Evolución del precio — Panasonic Barbero Premiun

Precio verificado el 19 Ago 2026 en 1 tienda · rango 30 días: 111,47€–167,05€

Ventajas

  • Potente y eficaz

  • Ligera y manejable

  • Muy precisa

  • Puedes usarla con o sin cable

Inconvenientes

  • No es barata

  • No incluye accesorio para pulir detalles

Información adicional

Longitudes de corte20 (0,5-10mm)
Impermeable
Autonomía60min
Tiempo de carga1h
Tamaño4,5 x 4,8 x 17,9cm
Peso180gr.
AccesoriosEstuche + kit limpieza

Resumen

Panasonic Barbero Premiun de un vistazo

Sin peine rasura estupendamente. En cuanto le encajas el peine guía se convierte en otra máquina, porque el corte pasa a depender de cuánto aprietes contra la piel: si en un pómulo cargas la mano sin querer, esa zona sale más corta que el resto y se acabó la uniformidad. De ahí salen casi todos los peros que vienen abajo, y conviven con lo que hace mejor que ninguna otra de las once.

Análisis detallado

Con el peine puesto, el corte lo manda la presión

Panasonic Barbero Premiun

Con la cuchilla desnuda apura, y apura mucho.
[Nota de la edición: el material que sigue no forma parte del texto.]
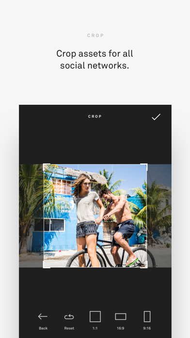 With LOOP.Cargo, we’ve created a tool that effectively simplifies workflow for your social media content production. Simply upload any assets to LOOP.Cargo following a shoot and the app gives you access to all of your potential social media content. View, select, and favorite your photos and then your can crop and prepare them for all social media platforms in any needed format directly via the app.

El precio de eso es el otro lado de la misma moneda: en pelo facial duro pellizca si no llevas la inclinación correcta o si intentas ir rápido. La manera de que no te muerda es apoyar bien toda la cabeza del aparato sobre la cara y avanzar despacio, sin tirones y sin pasarla de canto. Si vienes de una máquina barata a la que le dabas pasadas alegres en cualquier ángulo, aquí toca cambiar la mano.

Con el peine puesto desaparecen los pellizcos y aparece el problema de verdad: el corte responde a la presión. Apoyas un poco más en la mejilla y esa zona queda más rasurada que la de al lado, sin haber tocado el dial. En barba de longitud media casi no se nota, pero si buscas un uno o un dos milímetros parejo vas a ver escalones. La única forma de esquivarlo es pasarla siempre con el mismo apoyo, casi rozando.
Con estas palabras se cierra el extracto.